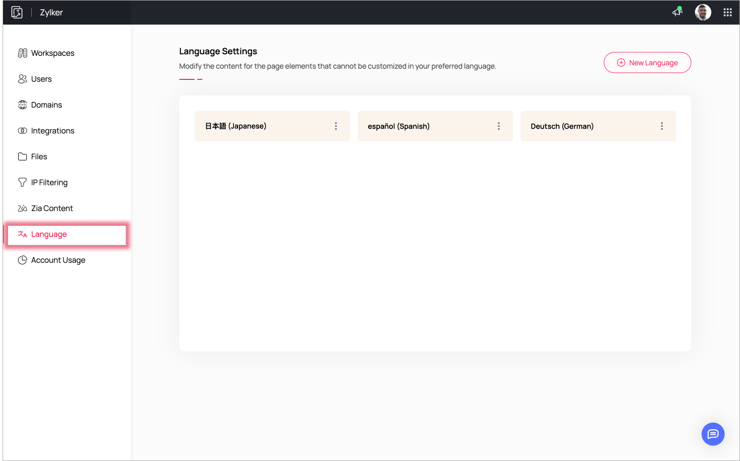 2. 設定メニューで言語に移動し、 新規言語をクリックします。
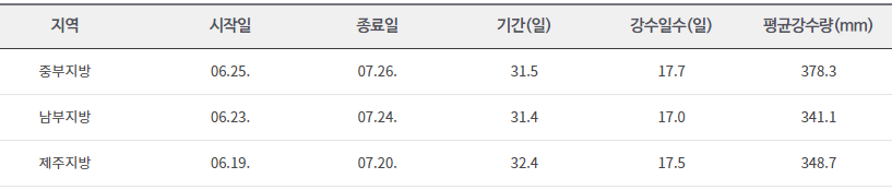 <중부지방> 6월 25일 ~ 7월 26일
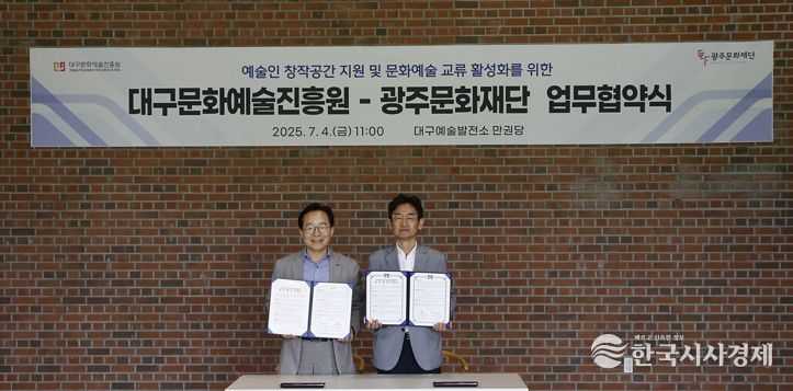 한국시사경제 대구취재본부 | (재)대구문화예술진흥원과 (재)광주문화재단은 예술인 창작공간 지원 및 문화예술 교류 활성화를 위한 업무협약(MOU)을 4일에 체결했다.
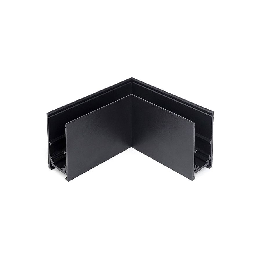 З'єднувач кутовий горизонтальний L-подібний для підвісних та накладних магнітних треків. Розмір профілю (Ш × В): 26.8 × 51 мм. Матеріал: алюмінієвий сплав. Колір: чорний
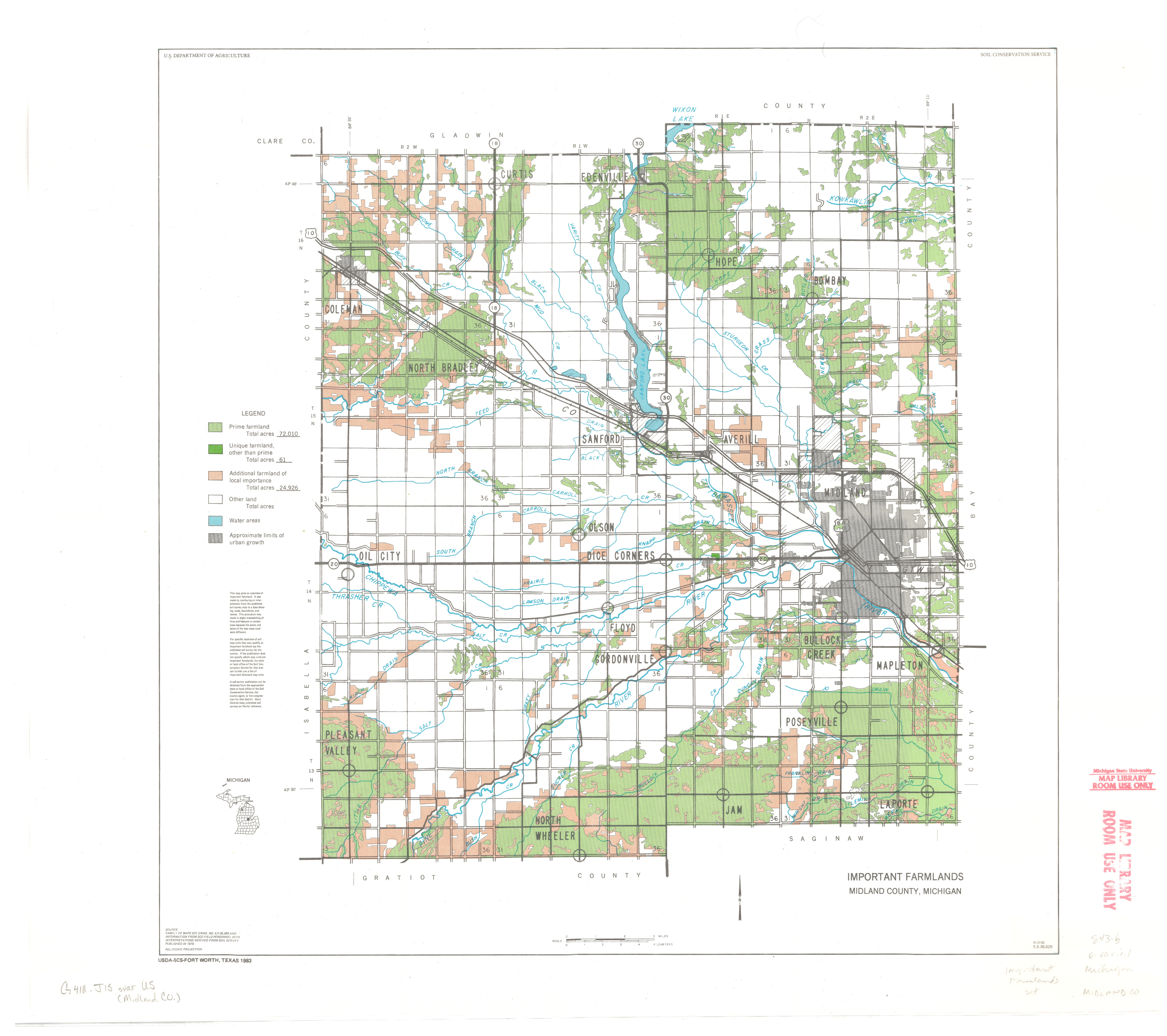 United States. Soil Conservation Service (1982). Important farmlands, Clare County, Michigan. Soil Conservation Service. https://d.lib.msu.edu/maps/995 (map)

▶ _Goal of the exercise_
Using the entries above, transcribe every line from the line containing "<중부지방> 6월 25일 ~ 7월 26일" through the line containing "З'єднувач кутовий горизонтальний". Do not copy pictures.

▶ _Task answer_
 <중부지방> 6월 25일 ~ 7월 26일
 한국시사경제 대구취재본부 | (재)대구문화예술진흥원과 (재)광주문화재단은 예술인 창작공간 지원 및 문화예술 교류 활성화를 위한 업무협약(MOU)을 4일에 체결했다.
 З'єднувач кутовий горизонтальний L-подібний для підвісних та накладних магнітних треків. Розмір профілю (Ш × В): 26.8 × 51 мм. Матеріал: алюмінієвий сплав. Колір: чорний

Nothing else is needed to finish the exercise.